Hello,
I am quite new to Julia and I was wondering how to implement a rowmean using a dataframe type. For Arrays, this is quite easy but I can not seem to figure out how to do it with a dataframe because most transformations work with the columns instead of the rows. I tried to transpose the data using the permutedims function, but I got an error
test = SP500Return[week2:end,groupedbeta[1].name]
permutedims(test, 1)
ArgumentError: src_namescol must have eltype `Symbol` or `<:AbstractString`
I have 95 columns which I have grouped in 10 portfolio’s based on the beta’s of the stocks (each column is a stock in my portfolio), so renaming them becomes quite annoying.
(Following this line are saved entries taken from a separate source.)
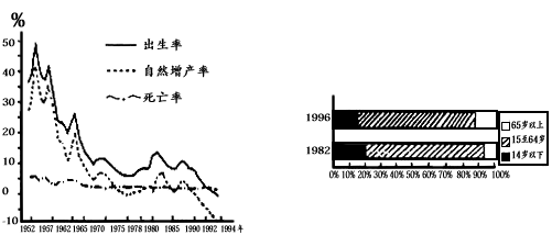 4、综合题 ? 读“上海市人口出生率、死亡率及自然增长率图”(左图)和“1982年与1996年上海市人口年龄构成比较图”(右图),回答下列问题。
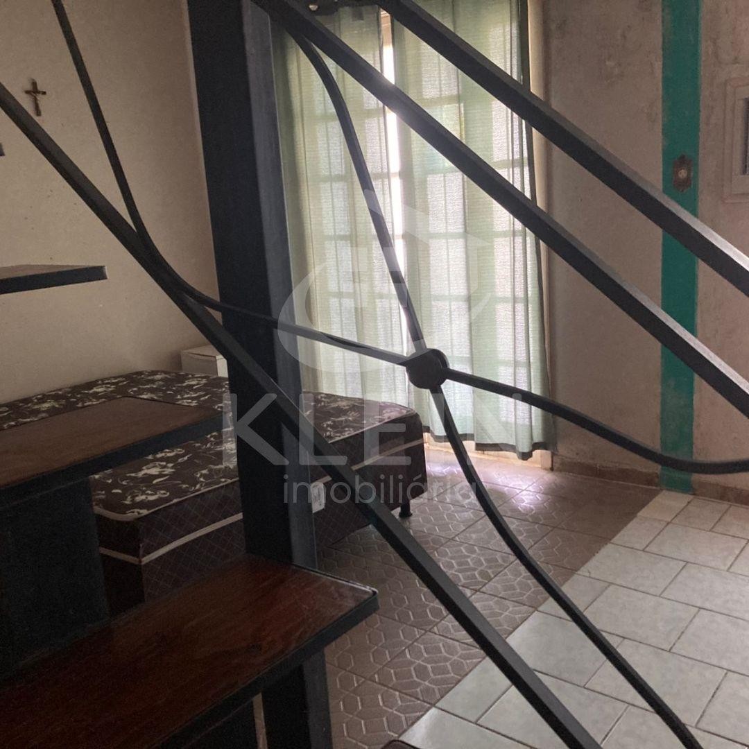 Casa em alvenaria com 01 dormitório com mezanino, 01 banheiro, 01 sala e ampla garagem com cozinha.
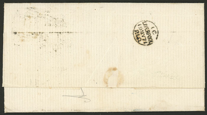 DOUBLE CROSSING OF THE ATLANTIC: 2/MAY/1871 New York to Buenos Aires via Liverpool, entire letter sent "via England", in Liverpool it was franked with 1/ and cancelled on 18/MAY, excellent quality, very interesting! (Image) (Image-02)
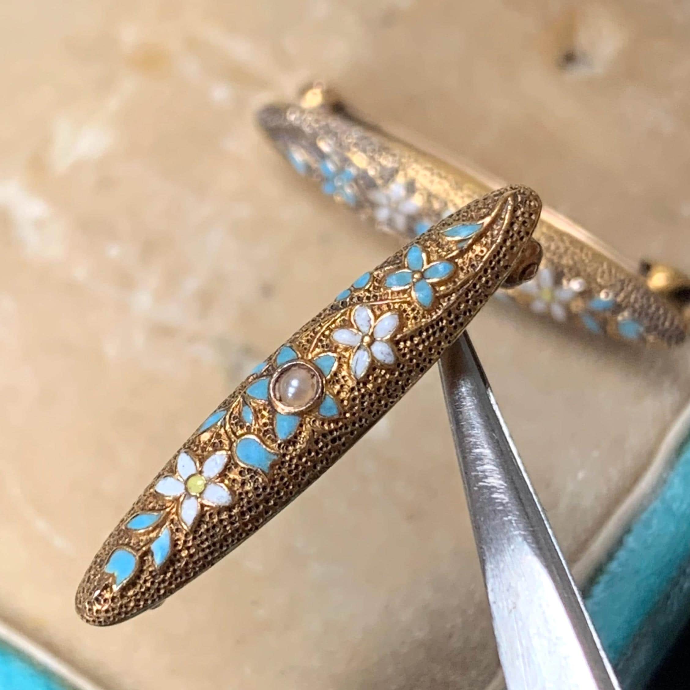 Forget me not dress pins by Bohm Bristol Co San Francisco. Stamped 14K gold cloisonne enamel and pearl petite dress pins in their original box. Art Deco era circa 1920s - 1930s. Stunning detail enameling with white and pale blue forget me not flowers and a tiny natural seed pearl set centre, marked 14K to the fastener end. In amazing condition for a highly rare and collectable piece of jewellery and a matching pair which is even more remarkable. Each pin is a work of art and measures 25mm long x 5mm wide. These are a true marvel of superior craftsmanship and are in excellent antique condition. The antique original box is included.
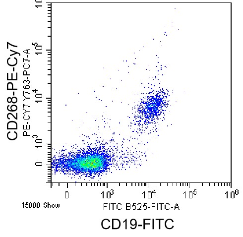 • Staining of normal human peripheral blood mononuclear cells (PBMCs) using FITC CD19 Antibody and PE-Cy7 Human CD268/BAFF-R Antibody (Clone: 11C1) (Catalog Number: H2164). Analysis data derived from lymphocytes.
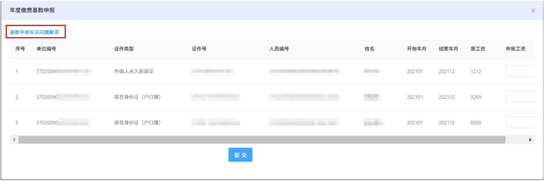 进入年度缴费基数申报页面,可以点击基数申报的有关问题解读,查看《2022年度医疗保险缴费基数申报有关问题解读》。
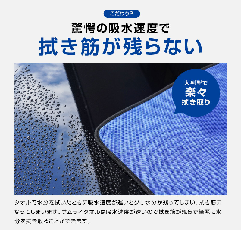 超吸水 サムライタオル Lサイズ 70cm×90cm & ディテーリングタオル 40cm×40cm マイクロファイバータオル サムライプロデュースオリジナル 洗車タオル 洗車の拭き上げに最適なタオルセット

Does somebody has an idea on how to solve this issue.
I also tried:
combine(SP500Return[week2:end,groupedbeta[1].name], groupedbeta[1].name .=> ByRow(mean))
But then he returns the DataFrame back.
Thank you in advance
Sorry I’m a bit confused as for what you are asking.
Do you mean like Stata’s rowmean
egen x = rowmean(`vars')
There is no transpose for DataFrames.
I think you want AsTable
julia> df = DataFrame(rand(1000, 100), :auto);
julia> transform(df, AsTable(Between(:x50, :x100)) => ByRow(mean) => :mean_50_100)
Yea the standard way to do this is
transform!(df,["col1","col2","col3"] => ByRow(mean) => "meancol")
where you just need to update the strings to correspond to your list of columns and the name of your new column. The AsTable
in the above answer is a handy shortcut instead of listing the column names 1 by 1.
This will fail
julia> mean(1, 2, 3)
ERROR: MethodError: no method matching mean(::Int64, ::Int64, ::Int64)
You need the AsTable
so that the input is a NamedTuple
.
1 Like
You’re right! I guess that’s just what I want to work. I think I made that mistake just a few days ago too…
EDIT: It is just a failing of the mean
method though, not of the approach here.
1 Like
Thank you for your responses!
For posterity I will add the fix to my earlier solution. Annoying that this is needed, but you can make it a tuple before passing to mean.
transform!(df,["col1","col2","col3"] => ByRow(mean) ∘ ByRow(tuple) => "meancol")
1 Like